Émerveillé par le réveil vigoureux de la nature, le poète s'extrait avec ravissement d'une longue et moribonde hibernation (exclamation du titre : "Vive le printemps !", antithèse avec glissement du pluriel vers le singulier : "les mois d’hiver moroses" / "en ce beau mois d'avril", diérèse à la rime : "mélodieux" / "radieux").

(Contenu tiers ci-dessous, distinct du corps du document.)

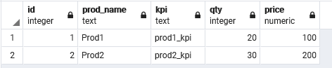 createtableinventory ( idserialnotnull, prod_nametext, kpitext, qtyinteger, pricedecimal, unique(kpi) ); --added some records to inventory insertintoinventory(prod_name,kpi,qty,price) values('Prod1','prod1_kpi', 20, 100), ('Prod2','prod2_kpi', 30, 200); |

Virilité et féminité encadrent une évocation dans laquelle la sensualité de la saison qui naît est soulignée par quelques assonances (a, an, i) et allitérations (b, p, f, v).

Merci pour ce partage !

   Vincendix   
4/4/2018
Double emploi!

   Vincendix   
4/4/2018

   Miguel   
28/4/2018
 a aimé ce texte 
Beaucoup
Voilà la poésie que j'aime ; la rigueur classique et sa simplicité, et un instant de répit bienvenu avec cette vision apaisante du monde. Le rythme, les sonorités et les images forment un ensemble particulièrement lyrique où la nature et l'amour sont comme un habitant heureux et son accueillante maison. On en redemande. Bravo

   erratum   
1/6/2018
 a aimé ce texte 
Beaucoup
Bonjour, Vincendix !

J'aime beaucoup ces quatrains qui me rappellent un ancien sonnet que j'avais écrit pour le printemps...
J'en sens la fraîcheur revigorante après l'hiver morose ainsi que les feuillages renaissants et les appels des oiseaux de tous genres
(sauf le coq qui m'exaspère par sa persistance à brailler) et les derniers vers sont délicieux, ourlés de tendresse et d'amour...
La forme et la prosodie sont bien respectées, quoique mon ouïe soit quelque peu heurtée par "Au loin - un coq..." qui aurait pu être "Alors qu'un coq, au loin,.." Amicalement, D.G.